**YOUR GOAL:** An image-free reproduction of the data below is needed: print it exactly.

**SUPPLIED INFORMATION:**
- - -

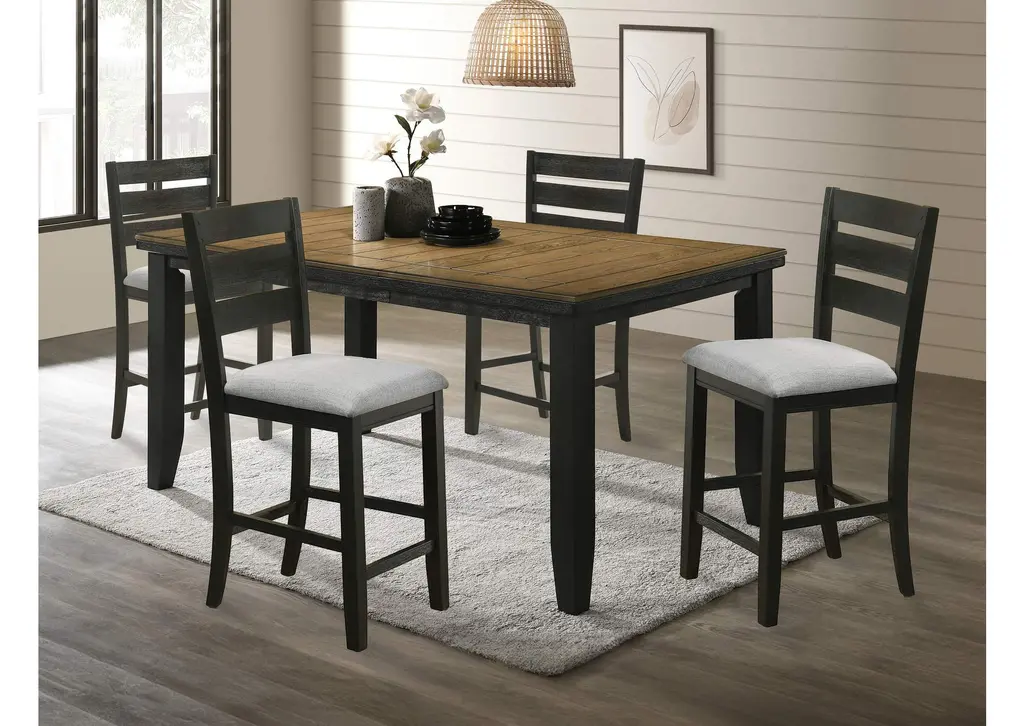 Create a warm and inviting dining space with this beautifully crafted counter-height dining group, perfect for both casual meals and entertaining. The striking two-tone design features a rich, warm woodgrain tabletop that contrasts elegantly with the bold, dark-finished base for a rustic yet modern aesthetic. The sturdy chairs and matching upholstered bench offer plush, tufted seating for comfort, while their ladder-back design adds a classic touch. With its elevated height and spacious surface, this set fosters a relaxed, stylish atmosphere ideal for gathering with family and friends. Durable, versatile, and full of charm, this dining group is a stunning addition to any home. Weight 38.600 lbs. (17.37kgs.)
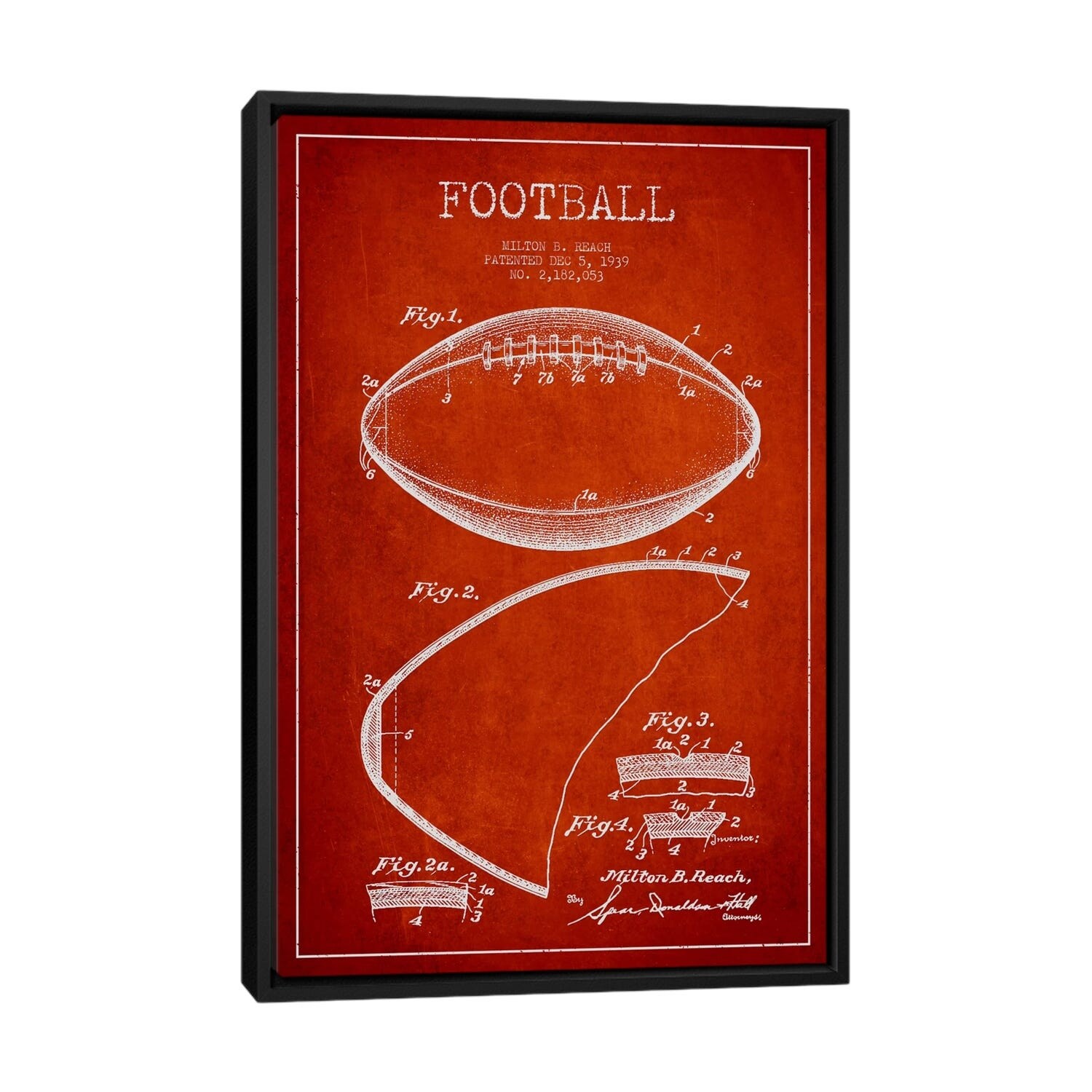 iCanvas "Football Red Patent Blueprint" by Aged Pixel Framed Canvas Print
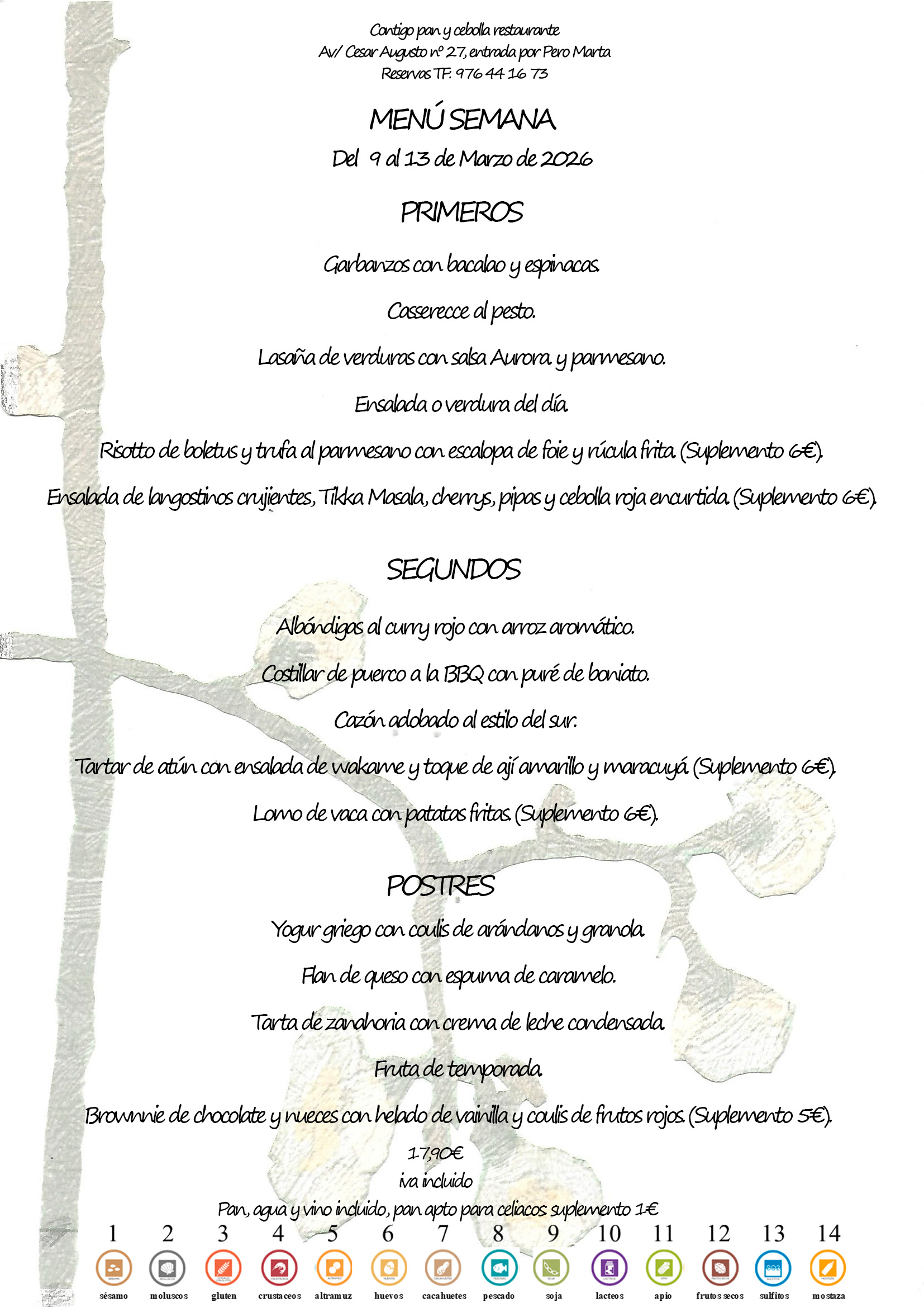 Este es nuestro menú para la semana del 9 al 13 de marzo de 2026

- - -

**ANSWER TO THE PROBLEM:**
 Create a warm and inviting dining space with this beautifully crafted counter-height dining group, perfect for both casual meals and entertaining. The striking two-tone design features a rich, warm woodgrain tabletop that contrasts elegantly with the bold, dark-finished base for a rustic yet modern aesthetic. The sturdy chairs and matching upholstered bench offer plush, tufted seating for comfort, while their ladder-back design adds a classic touch. With its elevated height and spacious surface, this set fosters a relaxed, stylish atmosphere ideal for gathering with family and friends. Durable, versatile, and full of charm, this dining group is a stunning addition to any home. Weight 38.600 lbs. (17.37kgs.)
 iCanvas "Football Red Patent Blueprint" by Aged Pixel Framed Canvas Print
 Este es nuestro menú para la semana del 9 al 13 de marzo de 2026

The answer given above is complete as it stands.